Julia, Gradient descent and simplex method
- Tutorial
We continue our acquaintance with the methods of multidimensional optimization.
Further, the implementation of the method of fastest descent with the analysis of the speed of execution, as well as the implementation of the Nelder-Mead method by means of the Julia and C ++ language, is proposed.
Gradient descent method
The search for extremum is conducted in steps in the direction of the gradient (max) or anti-gradient (min). At each step in the direction of the gradient (antigradient), the movement is carried out as long as the function increases (decreases).
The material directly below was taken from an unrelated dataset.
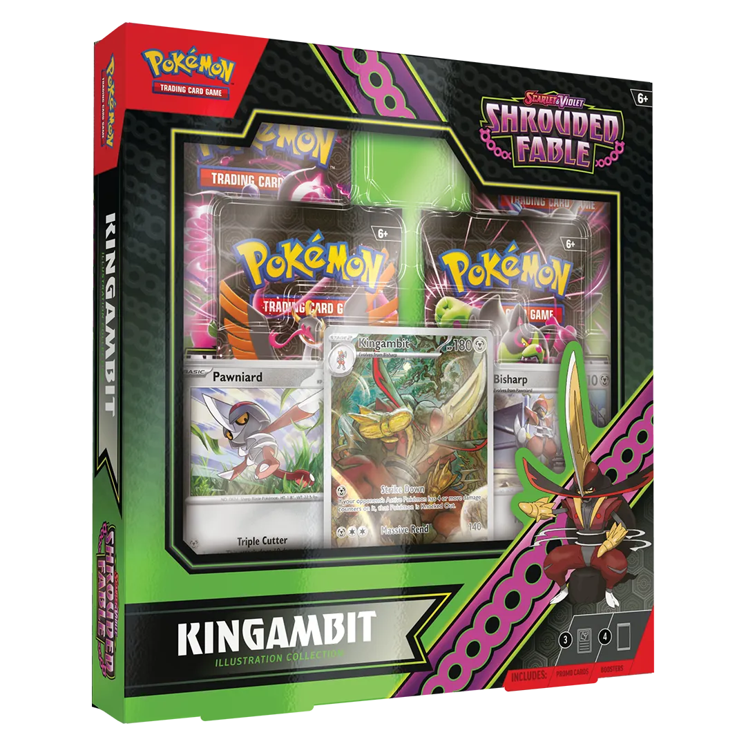 Kingambit overcomes all challengers to become the leader of its own army! With this noble collection, you can add the Big Blade Pokémon to your team as an illustration rare-style promo card, joined by foil cards featuring Pawniard and Bisharp. You’ll also find four booster packs from the special Scarlet & Violet—Shrouded Fable expansion!

Follow the theory to follow the links:
- Gradient descent
- Conjugate Gradient Method
- Nelder-Mead Method
- Gradient Method Overview
- SciPy Optimization
- Overview of the main mathematical optimization methods for problems with constraints
- Nelder-Mead optimization method. Python implementation
- Zaitsev V.V. Numerical methods for physicists. Nonlinear equations and optimization
As a basis, examples from the last source were used.
The model function will choose an elliptical paraboloid and set the relief drawing function:
using Plots
plotly() # интерактивные графики
function plotter(plot_fun; low, up)
Xs = range(low[1], stop = up[1], length = 80)
Ys = range(low[2], stop = up[2], length = 80)
Zs = [ fun([x y]) for x in Xs, y in Ys ];
plot_fun(Xs, Ys, Zs)
xaxis!( (low[1], up[1]), low[1]:(up[1]-low[1])/5:up[1] ) # линовка осей
yaxis!( (low[2], up[2]), low[2]:(up[2]-low[2])/5:up[2] )
end
parabol(x) = sum(u->u*u, x) # сумма квадратов
fun = parabol
plotter(surface, low = [-1-1], up = [11])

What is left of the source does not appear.